Question:
You need to write a command to the terminal using grep or sed. It should output only matching pieces from the text file (no difference in line or column). Perl cannot be used.
Now there is a regular expression like this
a?\s*b?\s*c?\s*d?\s*e?\s*f?\s*g?\s*h?\s*i?\s*j?\s*k?\s*l?\s*m?\s*n?\s*o?\s*p?\s*q?\s*r?\s*s?\s*t?\s*u?\s*v?\s*w?\s*x?\s*y?\s*z?\s*
Oddly enough, sequences such as "ace" or "bpxz" fall under it. How can I make the expression take into account only sequences without missing letters, such as "abcd", "opqr", "xy"?
UPD : I forgot to add that spaces are ignored (this is what I use \s* for). The regular must find an alphabetic sequence anywhere in the text. For example, from the phrase "roll call of duty officers" there should be "kl" and "dej" (in Russian it was easier to come up with an example).
Answer:
Unfortunately, you did not specify what dialect of regular expressions can be used and what it is for. Perhaps there are simpler solutions based on special features of regular expressions, or simpler means without using regular expressions.

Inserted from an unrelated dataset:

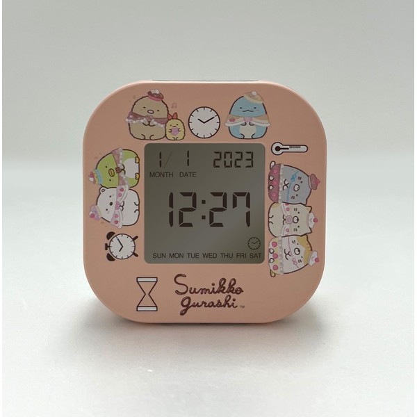 Sumikko Gurashi rotating multi-function clock. In addition to the day and time display, you can switch between 4 functions, including room temperature, timer, and alarm. The LCD screen has illustrations of Sumikko Gurashi and icons representing each function, so you can feel the functionality and adorable world of Sumikko Gurashi with each use. It also has a backlit LCD function that alternates between blue and green illumination with each function screen by rotating the main unit. The packaging also has the same world view as the main unit, so it is recommended as a gift for new school entrance or birthdays. Product Size (H x W x D): Approx. 3.0 x 3.0 x 1.5 inches (7.6 x 7.6 x 3.8 cm); Weight: Approx. 2.2 oz (64 g).

For a PCRE compatible dialect, a similar expression is obtained (up to the letter d, continue by analogy, insert spaces to taste):
(?:a(?=b))?(?:b(?=c))?(?:c(?=d))?(?:d(?=e))?
Test on ragex101.com
From the "Special Features" of regular expressions, for example, in the perl
language, you can check any consecutive characters like this:
echo "abpade fg xyz" | perl -npe 's/.*?((?:([a-z])\s*(?=(??{chr(ord($2)+1)})))+.)/$1\n/g'
Результат:
ab
de fg
xyz
perl can be used instead of grep on most unix systems by writing the required command as a single line.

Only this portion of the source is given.